Komentar itu mendapat respon akun bernama Trisnxxx Marjxx, yang dikenal loyalis atau pendukung Khofifah. Tak lupa, ia membubuhkan tautan berita dari salah satu media.

Dalam tautan ini berisi informasi ketika Khofifah Indar Parawangsa menjadi menteri sosial mengunjungi posko banjir di Kecamatan Imogiri, Bantul, Daerah Istimewa Yogyakarta (DIY) pada Sabtu (2/12/2017) siang. Dalam kunjungannya, Khofifah memberikan santunan kepada korban.

Mensos memberikan uang santunan kepada ahli waris korban meninggal dunia sebesar Rp 15 juta. Dan korban luka ringan serta berat maksimal Rp5 juta.

Trisnxxx juga mengingatkan Audi. "Tidak usah membandingkan dgn mentri sebelumnya," tulisnya.

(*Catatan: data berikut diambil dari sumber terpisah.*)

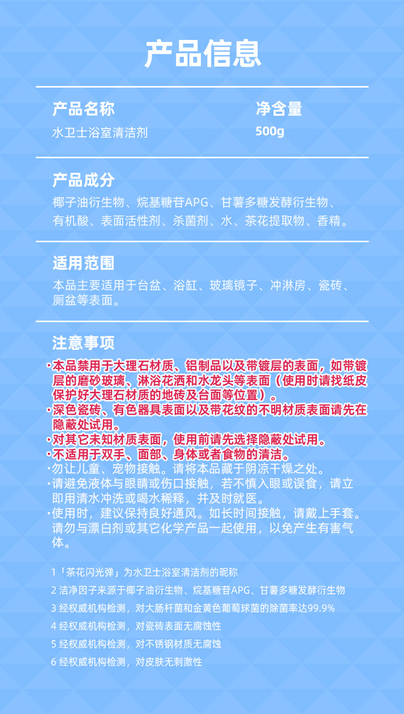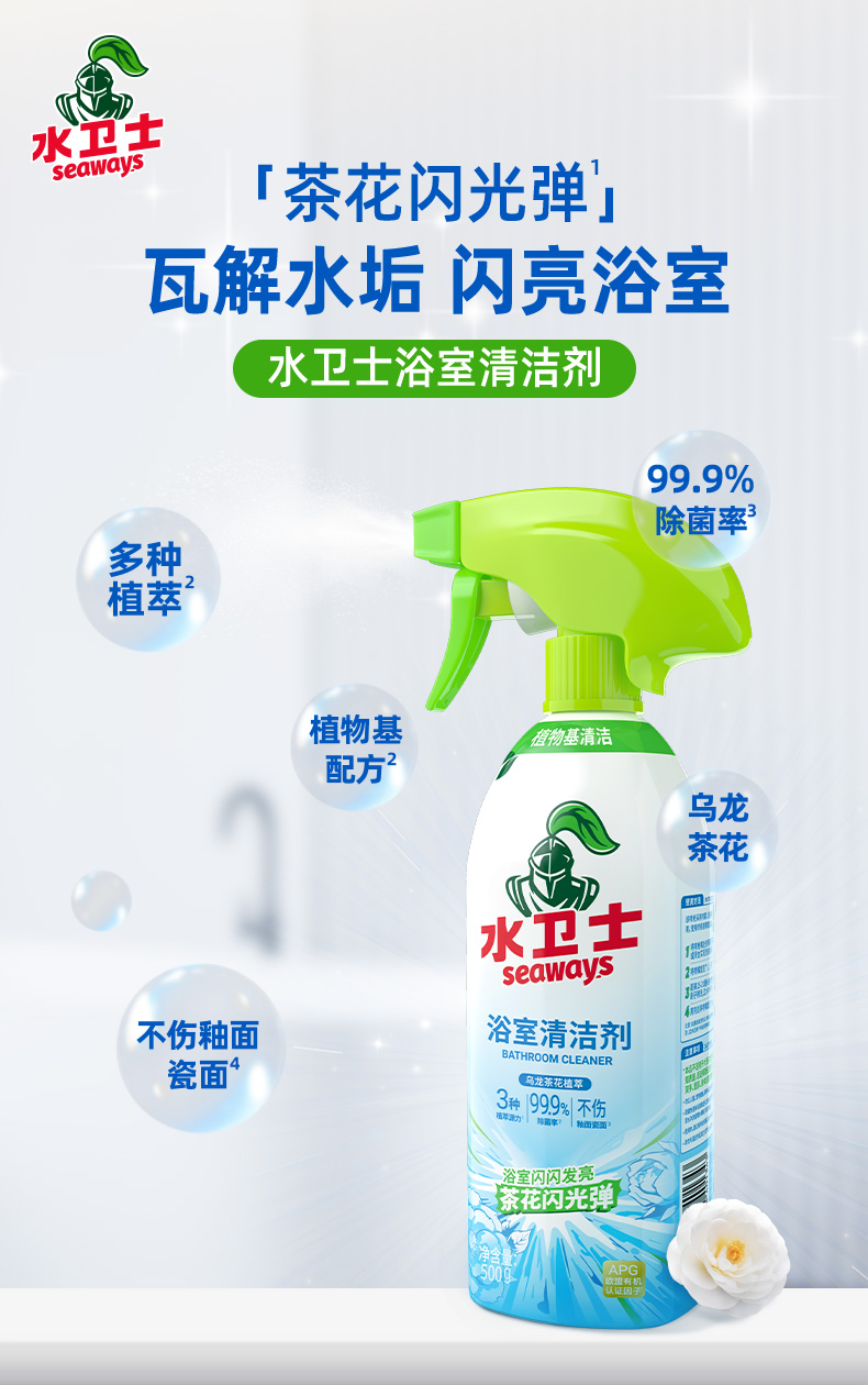 严选 | 水卫士浴室清洁剂 500g/瓶 卫生间玻璃瓷砖水龙头洗漱台水垢清洁

Tapi benarkah klaim Audi? Dari penelusuran, ternyata di zaman sebelum Khofifah menjadi mensos, santunan bagi korban bencana yang meninggal dunia sudah ada. Hanya saja kabarnya nilainya Rp 10 juta/jiwa. Di zaman Mensos Khofifah, nilainya disesuaikan Rp 15 juta/jiwa hingga sekarang.

"Permensosnya ada jeh perubahan 10 jadi 15 juta," kata Trisnxxx Marjxx yang diketahui sebagai tim  media Gubernur Khofifah, Minggu (17/1/2021).

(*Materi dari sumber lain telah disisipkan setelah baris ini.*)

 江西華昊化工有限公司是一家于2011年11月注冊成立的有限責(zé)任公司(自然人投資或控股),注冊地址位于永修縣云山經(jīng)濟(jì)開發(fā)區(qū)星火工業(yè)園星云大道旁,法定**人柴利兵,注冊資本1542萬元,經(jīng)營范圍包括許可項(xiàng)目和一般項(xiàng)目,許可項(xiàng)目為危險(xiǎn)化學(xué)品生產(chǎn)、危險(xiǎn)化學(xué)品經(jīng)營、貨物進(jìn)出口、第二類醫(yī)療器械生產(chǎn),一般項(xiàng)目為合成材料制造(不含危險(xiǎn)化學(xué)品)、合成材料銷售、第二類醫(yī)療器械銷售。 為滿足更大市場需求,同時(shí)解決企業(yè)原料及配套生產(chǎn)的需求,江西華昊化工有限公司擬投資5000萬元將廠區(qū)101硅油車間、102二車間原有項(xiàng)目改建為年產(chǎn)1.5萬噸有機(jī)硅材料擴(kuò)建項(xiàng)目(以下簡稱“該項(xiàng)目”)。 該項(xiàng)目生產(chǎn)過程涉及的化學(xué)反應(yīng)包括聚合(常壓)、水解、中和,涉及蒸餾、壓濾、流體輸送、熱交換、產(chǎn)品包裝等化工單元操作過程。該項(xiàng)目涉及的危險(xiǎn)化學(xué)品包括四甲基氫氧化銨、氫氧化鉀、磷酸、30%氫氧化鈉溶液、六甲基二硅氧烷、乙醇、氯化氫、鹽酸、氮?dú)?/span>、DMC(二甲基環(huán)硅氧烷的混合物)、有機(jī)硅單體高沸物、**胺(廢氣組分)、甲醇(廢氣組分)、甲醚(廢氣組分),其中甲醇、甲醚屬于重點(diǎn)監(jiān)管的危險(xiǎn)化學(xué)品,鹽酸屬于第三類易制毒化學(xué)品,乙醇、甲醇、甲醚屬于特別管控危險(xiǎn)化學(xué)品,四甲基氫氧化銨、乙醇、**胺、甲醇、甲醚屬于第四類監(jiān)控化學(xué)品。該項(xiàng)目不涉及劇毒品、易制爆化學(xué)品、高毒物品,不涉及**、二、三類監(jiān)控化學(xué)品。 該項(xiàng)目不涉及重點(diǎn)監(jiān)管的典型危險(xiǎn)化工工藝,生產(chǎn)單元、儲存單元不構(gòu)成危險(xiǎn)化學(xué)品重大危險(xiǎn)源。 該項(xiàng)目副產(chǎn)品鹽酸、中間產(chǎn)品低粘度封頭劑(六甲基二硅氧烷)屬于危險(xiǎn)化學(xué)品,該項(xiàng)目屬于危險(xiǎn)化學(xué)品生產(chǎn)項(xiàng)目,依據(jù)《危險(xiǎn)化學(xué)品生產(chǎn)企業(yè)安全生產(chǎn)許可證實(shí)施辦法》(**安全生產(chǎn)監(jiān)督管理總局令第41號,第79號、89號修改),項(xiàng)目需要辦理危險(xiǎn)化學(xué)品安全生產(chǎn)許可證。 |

Besaran nilai santunan itu diatur di dalam Peraturan Menteri Sosial Nomor 04 Tahun 2015 tentang bantuan langsung tunai bagi korban bencana, bagian Santunan Ahli Waris, pasal 20.

Isinya adalah:

(1) Besarnya nilai bantuan santunan ahli waris sebagaimana dimaksud dalam Pasal 19 sebesar Rp.15.000.000,00 (lima belas juta rupiah) per jiwa.
(2) Bantuan santunan bagi korban luka berat diberikan paling banyak Rp.5.000.000,00 (lima juta rupiah) per jiwa.
(3) Bantuan santunan diberikan kepada ahli waris dengan cash transfer melalui rekening bank ahli waris.

Peraturan Menteri Sosial juga mengatur nilai bantuan bagi rumah yang mengalami kerusakan hingga jatah hidup atau jadup.

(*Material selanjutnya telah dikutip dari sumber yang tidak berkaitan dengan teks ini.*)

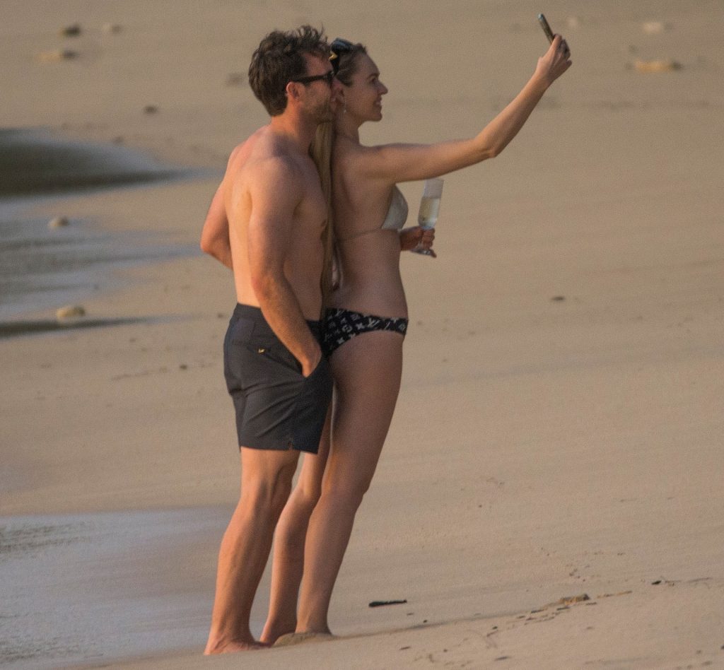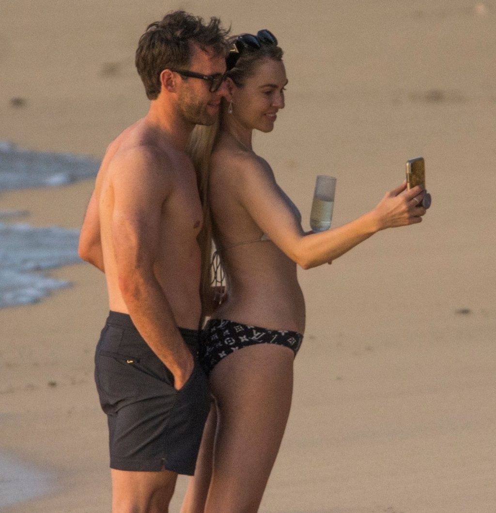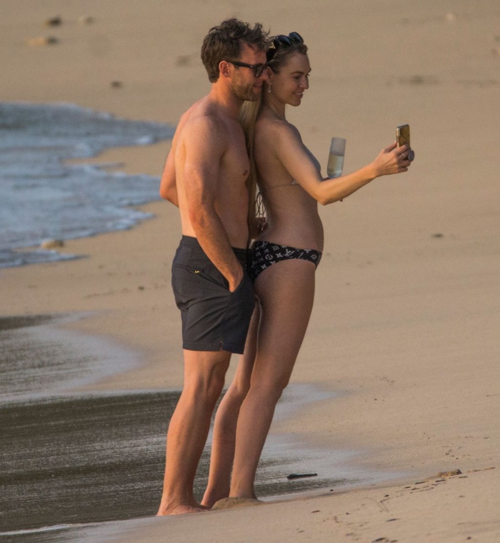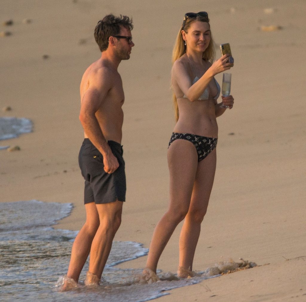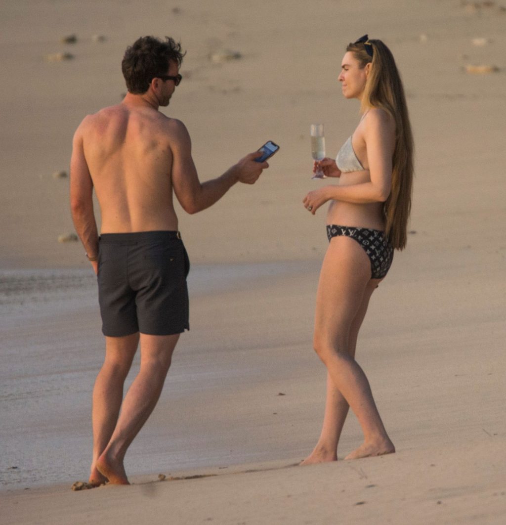 Blue Peter’s Зои Салмон демонстрирует свою стройную фигуру в разноцветном бикини, резвясь на пляже с мужем Уильямом Корри на Барбадосе, 11/02/2019. Пара наслаждалась напитками на пляже во время пребывания в шикарном отеле Sandy Lane.

Bagi rumah yang mengalami kerusakan. Kementerian Sosial memberikan bantuan sesuai kategorinya sesuai pasal 8 bagian kedua soal bahan bangunan rumah.

(1) Besarnya nilai untuk kategori rusak ringan sebagaimana dimaksud dalam Pasal 7 ayat (2) huruf a diberikan bantuan paling sedikit Rp. 1.000.000,00 (satu juta rupiah) paling banyak Rp. 5.000.000,00 (lima juta rupiah).

(2) Besarnya nilai untuk kategori rusak sedang sebagaimana dimaksud dalam Pasal 7 ayat (2) huruf b diberikan bantuan paling sedikit Rp. 5.500.000,00 (lima juta lima ratus ribu rupiah) paling banyak Rp. 10.000.000,00 (sepuluh juta rupiah).

(3) Besarnya nilai untuk kategori rusak berat sebagaimana dimaksud dalam Pasal 7 ayat (2) huruf c diberikan bantuan paling sedikit Rp. 10.500.000,00 (sepuluh juta lima ratus ribu rupiah) paling banyak Rp. 25.000.000,00 (dua puluh lima juta rupiah).

Loading...

jatimnow.com menyajikan pemberitaan di daerah Jawa Timur dan sekitarnya, menyajikan berita yang dikemas dengan apik tanpa mengabaikan nilai-nilai jurnalisme.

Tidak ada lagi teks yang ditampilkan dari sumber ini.